__EXERCISE MATERIAL__
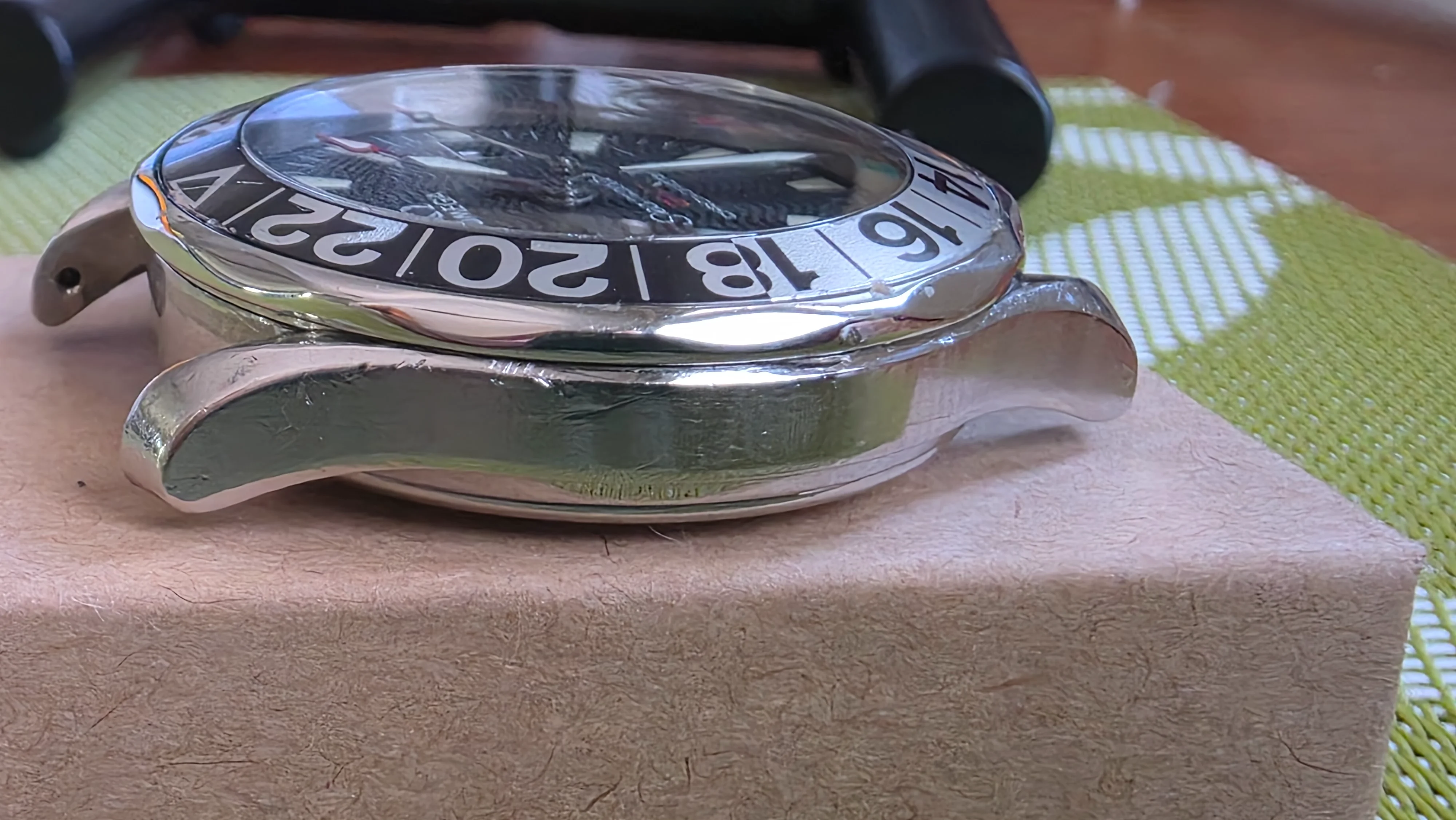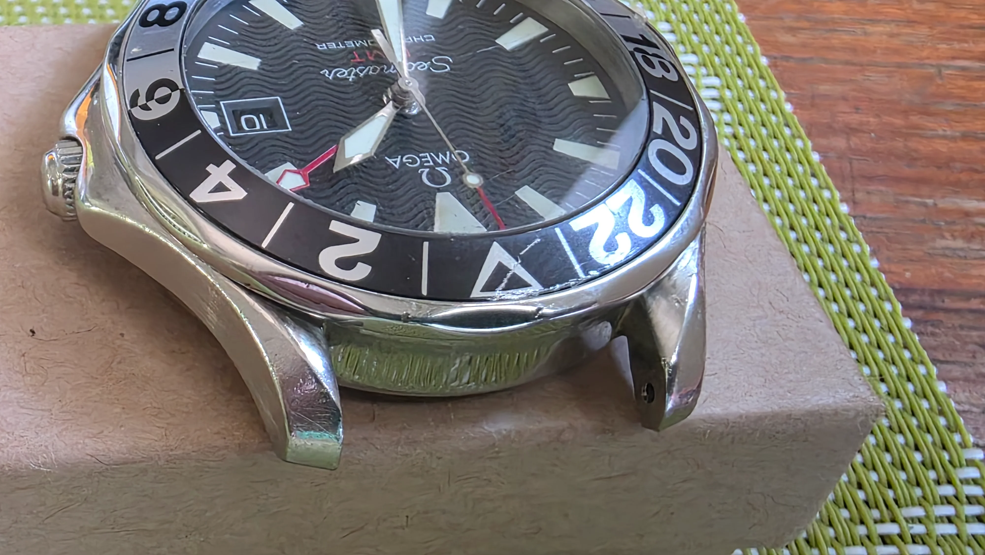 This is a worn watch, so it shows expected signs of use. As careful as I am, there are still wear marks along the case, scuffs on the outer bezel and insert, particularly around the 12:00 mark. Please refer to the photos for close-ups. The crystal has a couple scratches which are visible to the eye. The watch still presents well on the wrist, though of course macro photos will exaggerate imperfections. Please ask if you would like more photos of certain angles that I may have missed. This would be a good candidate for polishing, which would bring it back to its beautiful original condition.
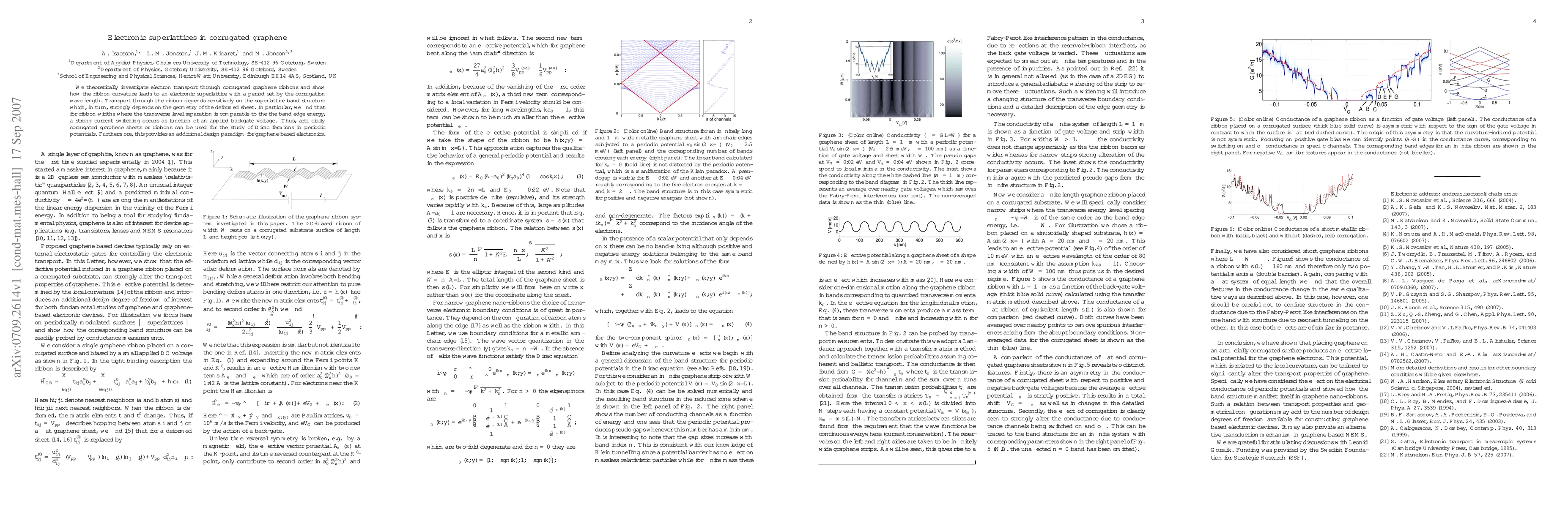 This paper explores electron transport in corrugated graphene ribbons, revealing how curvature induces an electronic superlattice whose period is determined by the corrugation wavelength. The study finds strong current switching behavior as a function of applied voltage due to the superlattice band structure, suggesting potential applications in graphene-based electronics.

==

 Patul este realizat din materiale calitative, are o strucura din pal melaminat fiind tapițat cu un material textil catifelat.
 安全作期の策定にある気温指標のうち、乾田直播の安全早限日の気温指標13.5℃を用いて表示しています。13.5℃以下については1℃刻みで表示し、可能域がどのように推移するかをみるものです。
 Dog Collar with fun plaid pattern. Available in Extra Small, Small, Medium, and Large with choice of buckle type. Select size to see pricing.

* * *

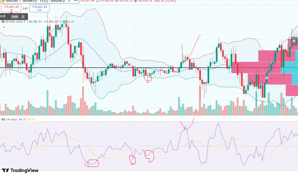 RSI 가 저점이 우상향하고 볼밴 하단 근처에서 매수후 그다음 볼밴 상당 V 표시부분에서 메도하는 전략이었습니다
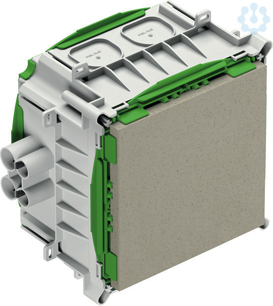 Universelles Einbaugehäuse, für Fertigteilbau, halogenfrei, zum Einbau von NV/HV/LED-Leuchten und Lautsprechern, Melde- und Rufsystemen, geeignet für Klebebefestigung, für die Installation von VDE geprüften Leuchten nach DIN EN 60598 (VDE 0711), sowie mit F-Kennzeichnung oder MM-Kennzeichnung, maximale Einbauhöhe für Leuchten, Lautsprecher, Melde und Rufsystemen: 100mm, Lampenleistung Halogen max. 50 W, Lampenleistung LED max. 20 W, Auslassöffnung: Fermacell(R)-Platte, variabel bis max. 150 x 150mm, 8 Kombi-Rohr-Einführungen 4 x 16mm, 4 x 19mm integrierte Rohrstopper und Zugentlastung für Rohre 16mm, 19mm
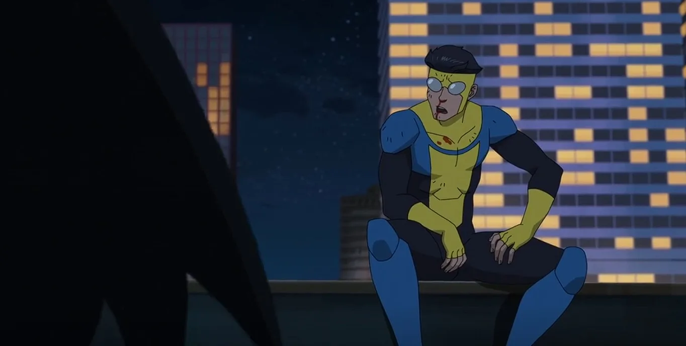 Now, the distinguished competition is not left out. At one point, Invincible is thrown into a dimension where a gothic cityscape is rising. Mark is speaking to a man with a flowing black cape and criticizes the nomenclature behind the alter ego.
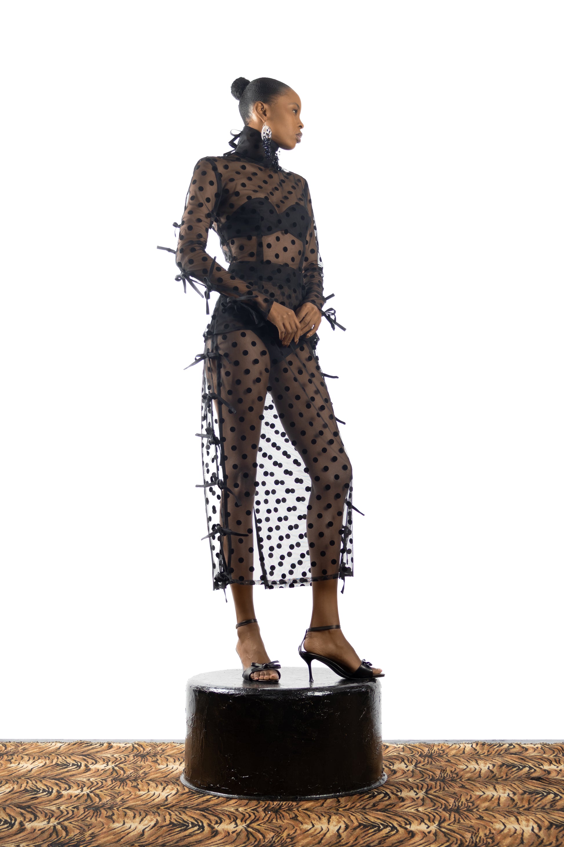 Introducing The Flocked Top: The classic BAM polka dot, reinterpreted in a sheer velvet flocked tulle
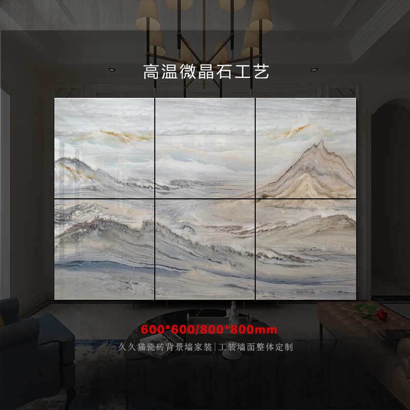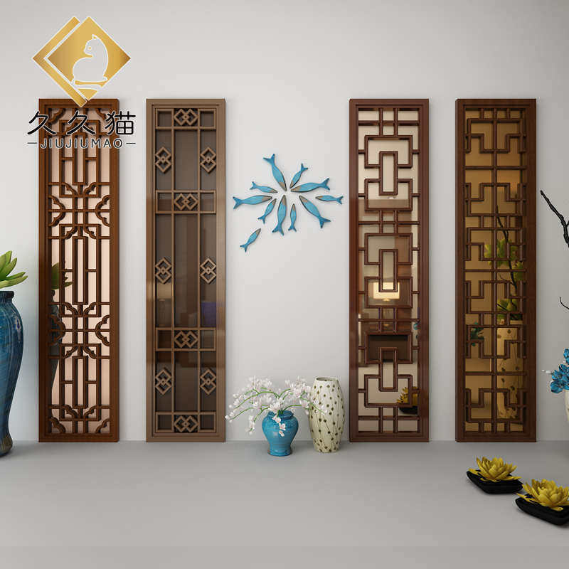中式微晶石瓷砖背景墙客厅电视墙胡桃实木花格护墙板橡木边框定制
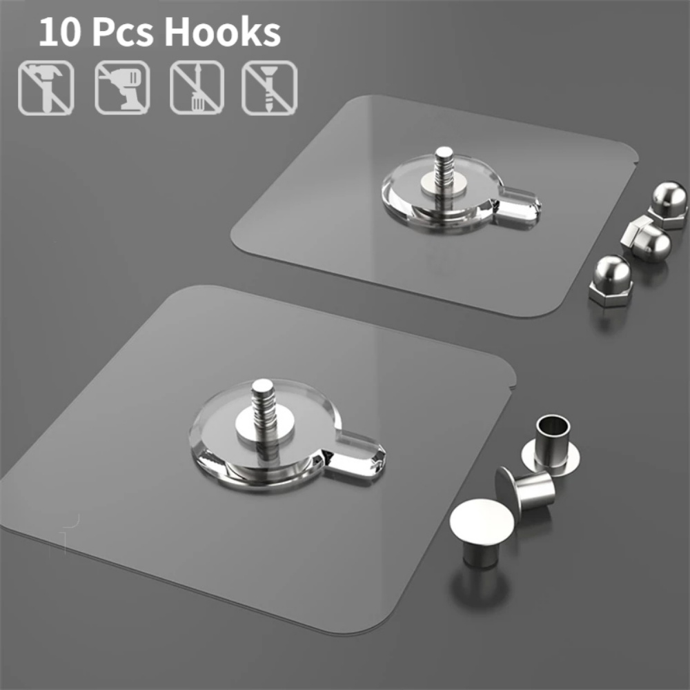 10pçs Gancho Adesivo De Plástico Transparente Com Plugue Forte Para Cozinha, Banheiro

__PROBLEM DESCRIPTION__
Would you copy the lines above exactly, starting with the one that has "中式微晶石瓷砖背景墙客厅电视墙胡桃实木花格护墙板橡木边框定制" and ending with the one that has "10pçs Gancho Adesivo", both included, without the pictures?

__EXERCISE RESPONSE__
中式微晶石瓷砖背景墙客厅电视墙胡桃实木花格护墙板橡木边框定制
 10pçs Gancho Adesivo De Plástico Transparente Com Plugue Forte Para Cozinha, Banheiro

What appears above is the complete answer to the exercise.